A Vision Law® attorney attended the live oral argument before the California Supreme Court in San Francisco on November 8, 2011 on a case involving an employer’s obligation under California law on rest periods and meal periods.
It is astonishing that the highest court of the State of California must rule on whether adults in California workplaces must take 10 minute rest periods and/or 30 minute meal periods. That was the order of the day. The Courtroom was fully packed with interested observers.
Believe it or not, at risk is hundreds of millions of dollars in current litigation in California over the issue of whether a California employer must “ensure”(think “force”) its workers to take a 30 minute meal period for each 5 hours worked or whether “making the meal period available” and then leaving it up to the employee to take the meal period is enough.
Since 2000, businesses in the sunny state of California have had to be concerned over their legal obligations in this area, not that there aren’t a multitude of other substantial concerns, such as staying alive in the post-Lehman Brothers economy, not to mention remaining competitive in the global market place.

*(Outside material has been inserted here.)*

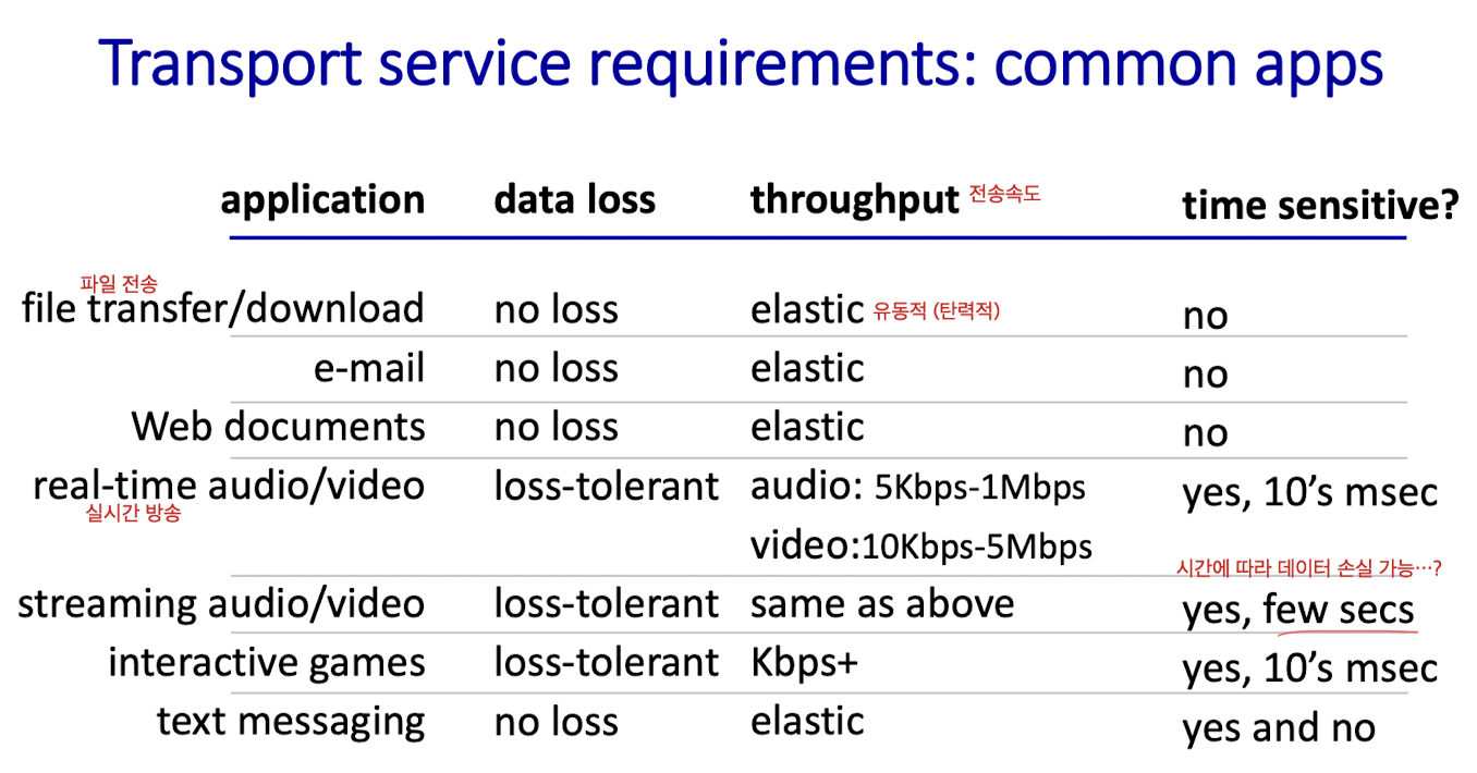 [ App 에게 필요한 전송 서비스 조건들 ]

But back to rest and meal periods. The Justices seemed to be concerned with the following issues:
- Whether the “statutory” provisions of the Labor Code “trump” the California Wage Orders (essentially California “regulations”).
- What exactly is a California employer’s “affirmative obligation” when it comes to meal periods – what are employers obligated to do?
- Whether the law should consider “flexibility” in employer obligations/management of meal periods or whether “forcing” employees to take a 30 meal period for every 5 hours worked would be “coercive” and less protective, rather than more protective, of employees.
As is often times baffling to non-lawyers, lawyers for both employees and employers argued for 75 minutes over what California law requires when it comes to 30 minute meal periods to the seven Justices of the California Supreme Court.
In Vision Law®’s view, respectfully, the high Court should rule that adult employees in California workplaces can choose to take a meal period that is made available to them thereby adopting a “flexible” and common sense rule. So long as employers do not force or require employees to work through the 30 minute meal period under California Labor Code section 512 or the appropriate Wage Order, then that should be enough. The impracticality (inflexibility) of every employer having to “police” each and every one of its employees to “ensure” or “force” each employee to take a 30 minute meal period or risk incurring a penalty otherwise is apparent. Such a rule would also treat adult workers as children incapable of making their own decisions and would coerce them to take a 30 minute meal period (and lengthen their workday) when they might prefer not to take the meal period.
In the meantime, all employers and their employment/labor counsel await the California Supreme Court’s decision on what has been an economically devastating workplace issue.